Des mesures mensuelles des variations de la pesanteur
Depuis le lancement de la mission Grace en 2002, les variations temporelles du champ de pesanteur sont mesurées tous les mois à l’échelle globale. Même si elles sont dominées par l’effet des mouvements de masse associés au cycle de l’eau entre atmosphère, océans, calottes polaires et hydrosphère continentale, ces observations, combinées avec les données magnétiques, ouvrent de nouvelles possibilités pour l’étude des phénomènes du noyau aux échelles de temps décennale à subdécennale.
Mode de variabilité commun mis en évidence entre l’accélération magnétique et la pesanteur. Les courbes de gauche représentent la variabilité temporelle dimensionnée de chaque champ de 2002 à 2011 (en rouge, l’accélération magnétique et en bleu, la pesanteur), les cartes de droite représentent le motif spatial adimensionné associé. © Miora et al., Pnas 2012
À partir d’une analyse de 8 ans de données du satellite Champ pour le champ magnétique et des géoïdes Grace construits par le Cnes/GRGS pour le champ de pesanteur, ainsi que de sorties de modèles océanique et hydrologique, l'équipe de scientifiques a mis en évidence une variabilité commune aux échelles de temps interannuelles entre l’accélération du champ magnétique terrestre et la pesanteur dans une zone centrée sur l’Afrique, s’étendant de l’océan Atlantique à l’océan Indien (voir figure ci-dessus).
La région où ce signal est détecté présente des caractéristiques très particulières : d’une part, c’est là qu’une diminution extrêmement importante de l’intensité du champ magnétique du noyau est observée depuis plusieurs décennies, et d’autre part, les modèles de flux construits à partir des données Champ montrent que cette zone est associée à des mouvements importants à la surface du noyau. L’amplitude de la variabilité commune détectée est cohérente avec des estimations théoriques antérieures, elle est donc compatible avec une origine liée au noyau.

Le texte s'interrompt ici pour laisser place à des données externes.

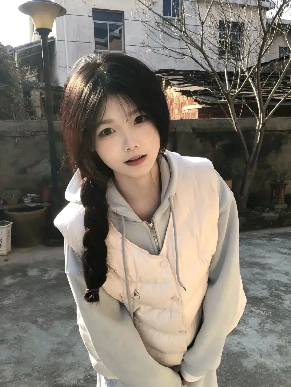安安静静站在老院子里,自带一股邻家气质,让人忍不住心生欢喜。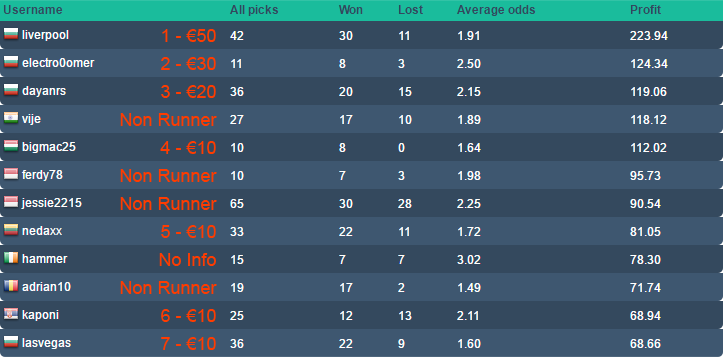 Last but not least we have a screenshot with the winners for the Neteller Tipster Competition.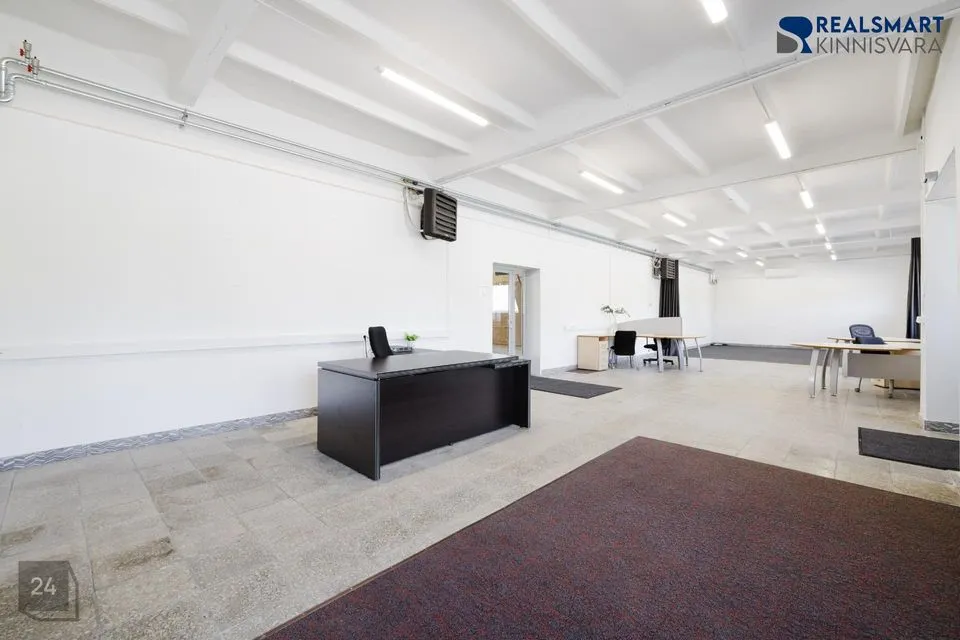 Kaubandushoone netopinnaks on kokku 610m². Hoones on kokku 120 m² büroopinda, millele lisanduvad olmeruumid 40 m² ja kinnine lao-ja tootmispind (angaar) 450 m². Lisaks on võimalik rentida majatagusel alal ja kinnisel territooriumil välitingimustes ladustamispinda. Parkimine kinnistul on tasuta.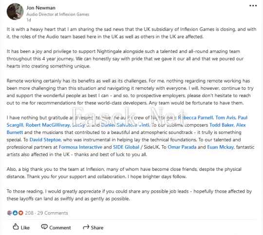 根据多位公司员工报道称,《夜莺传说》开发商 Inflexion Games 的英国分部即将关闭。 ![]() 在领英上,公司音频总监 Jon Newman 确认了公司即将关闭的消息。他写道:“我怀着沉重的心情分享 Inflexion Games 英国子公司即将关闭的不幸消息,以及随之而来英国的音频团队职位以及英国分部的其他人均受到了影响。” 首席音频设计师 Rebecca Parnell 以及高级音频设计师 Tom Avis 均确认受到了公司关闭的影响。 Inflexion 目前尚未正式确认分公司的关闭,受到影响的开发者数量暂不得而知。 Newman 向同事们致敬,称在过去四年里参与工作室的奇幻开放世界生存游戏《夜莺传说》的开发是“一种快乐和荣幸”:“我们可以自豪地诚实地说,我们已经拼尽全力,擒住过了全部心血来创造一款独特的作品。” ![]() |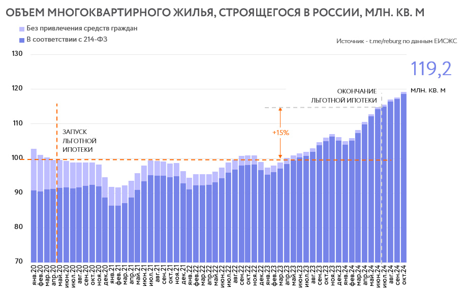 Через 4 месяца после сворачивания массовой льготной ипотеки, на фоне значительного падения объема продаж и проблем с лимитами по семейной ипотеке, объем жилья в стадии строительства продолжает расти. В конце октября в работе находилось 119,9 млн. кв. м жилья. Это на 1,3% больше предыдущего месяца и на 12% больше чем в октябре прошлого года. Показатель растет по всем федеральным округам за исключением Северо-Западного. Северо-Западный федеральный округ – единственная территория, где объем текущего строительства за последние 4 года снизился. Развитый рынок жилья с большим объемом строительства в СЗФО сформирован лишь в Санкт-Петербурге (6 млн. кв. м) с Ленинградской областью (4 млн. кв. м) и в Калининградской области (1,6 млн. кв. м). Заметные показатели в Архангельской (0,66 млн кв. м) и в Вологодской (0,66 млн кв. м) областях. Снижение показателя по округу определено стабильным падением объемов строительства в Санкт-Петербурге. В конце 2019 года здесь в стадии строительства находилось
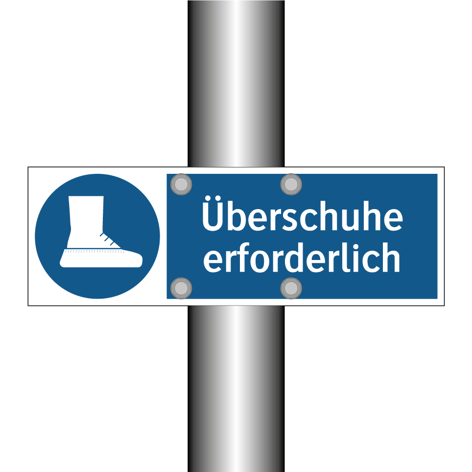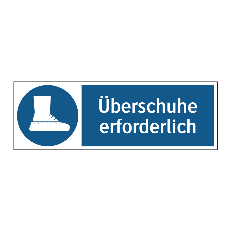 Gebotsschild mit dem Text Überschuhe erforderlich

Des variations dans les couches superficielles du noyau pourraient être mises en jeu, mais à ce jour aucune explication satisfaisante ne peut encore être proposée et le modèle physique complet rendant compte de ces observations reste à construire. Néanmoins, ces résultats et leurs implications géodynamiques importantes soulignent le très grand intérêt des missions satellitaires d’observation des champs de potentiels terrestres, présentes et futures, pour la modélisation et la compréhension du cœur de notre planète.